Figure 7: The different steps of the one plane compression algorithm, applied to a compressible example tile.

 $\left(\frac{\Delta z}{\Delta x},\frac{\Delta z}{\Delta y}\right)$  directly from the neighbors in the *x*- and *y*-directions, as shown in Figure 6a. The result will be the integer terms,  $\left(\lfloor\frac{\Delta z}{\Delta x}\rfloor,\lfloor\frac{\Delta z}{\Delta y}\rfloor\right)$ , of the differentials, each with a potential correction term of one baked into it.

We then traverse the tile in the pattern shown in Figure 6b, and compute the correction terms based on either the x or y direction differentials (y direction when traversing the leftmost column, and x direction when traversing along a row). If the first non-zero correction term of a row or column is one, we flag that the corresponding differential as correct. Accordingly, if the first non-zero element is minus one, we flag that the differential contains a correction term. The flags are sticky, and can therefore only be set once. We also perform tests to make sure that each correction value is representable with one bit. If the test fails, the tile cannot be compressed.

After the previous step, we will have a representation like the one shown in Figure 7b. Just as in the figure, we can get correction terms of -1 for the differentials that contain an embedded correction term. Thus, we want to subtract one from the differential (e.g.  $\frac{\Delta z}{\Delta x}$ ), and to compensate for this, we add one to all the per-pixel correction terms. Adding one to the correction terms is trivial since they can only be -1 or 0. We can just invert the last bit of the correction terms and interpret them as a one bit number. We get the corrected representation of Figure 7c.

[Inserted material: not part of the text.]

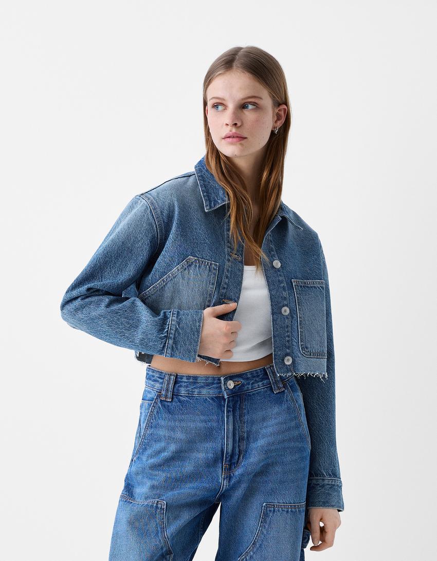 Casaco denim cropped workwear

In order to optimize our format, we wish to align the size of a compressed tile to the nearest power of two. In order to do so, we sacrifice some accuracy when storing the differentials, and reference point. Since the compression must be lossless, the effect is that the compression probability is slightly decreased, since the lower accuracy means that fewer tiles can be compressed successfully. Interestingly, storing the reference point at a lower resolution works quite well if we assume that the most significant bits are set to one. This is due to the non-linear distribution of the depth values. For instance, assume we use the projection model of OpenGL and have the near and far clip planes set to 1 and 100 respectively, then 21 bits will



Figure 8: This figure illustrates the two plane compression algorithm. a) Shows the original tile with depth values from two different planes. The line indicates the edge separating the two planes. b & c) We execute the one plane algorithm of Section 4.1 for each corner of the tile. In this figure, we only show the two correct corners for clarity. Note that the correction terms take on unrepresentable values when we cross the separating edge. We use this to detect the breakpoints, shown in gray. d) In a final step, we stitch together the two solutions from (b) and (c), and make sure to correct the differentials so that all correction terms are either 0 or 1. The breakpoints are marked as a gray line.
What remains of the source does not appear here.